= Termination fee =

An early termination fee (ETF) is a charge levied when a party wants to break the term of an agreement or long-term contract. They are stipulated in the contract or agreement itself, and provide an incentive for the party subject to them to abide by the agreement.

==Service industries==

Termination fees are common to service industries such as cellular telephone service, subscription television, and so on, where they are often known as early termination fees. For instance, a customer who purchases cellular phone service might sign a two-year contract, which might stipulate a $350 fee if the customer breaks the contract.
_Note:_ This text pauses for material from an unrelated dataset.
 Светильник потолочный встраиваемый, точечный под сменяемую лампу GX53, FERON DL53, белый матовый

Consumer interest groups have criticized such fees as being anti-competitive because they prevent users from migrating to superior services.

In the suburban Atlanta county of Gwinnett, customers were hit with termination fees of over $23 when the county commission chose not to renew the contracts of the county trash collectors in November 2008. The two companies charged this both in violation of county law and in breach of contract.
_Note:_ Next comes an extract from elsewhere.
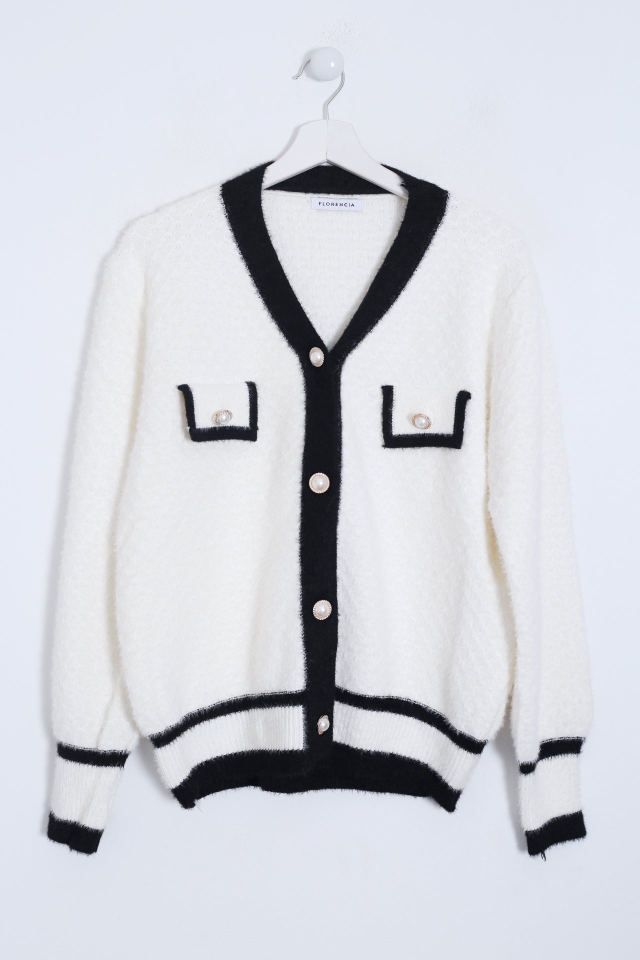 Cárdigan de escote en punta y manga larga. Cierre frontal con botones decorativos. Detalle de falsos bolsillos de plastrón delanteros con botón decorativo. Bajo y puños acabados en rib. Ribete a contraste.

==Mergers and acquisitions==

In mergers and acquisitions termination fees are often levied in the event that one party fails to consummate a merger—for instance, because it was unsuccessful in getting shareholder approval or because it agreed to a competing offer. For instance, in 2005 Johnson & Johnson agreed to acquire Guidant, but Guidant later accepted a competing offer and was subject to a termination fee of $705 million.

These termination fees have been criticized as well. Shareholders in companies being purchased sometimes believe that termination fees are too high, and instead of representing the costs that the purchasing party would suffer should the deal fall through, instead act as a way of forcing shareholders and directors to accede to the deal.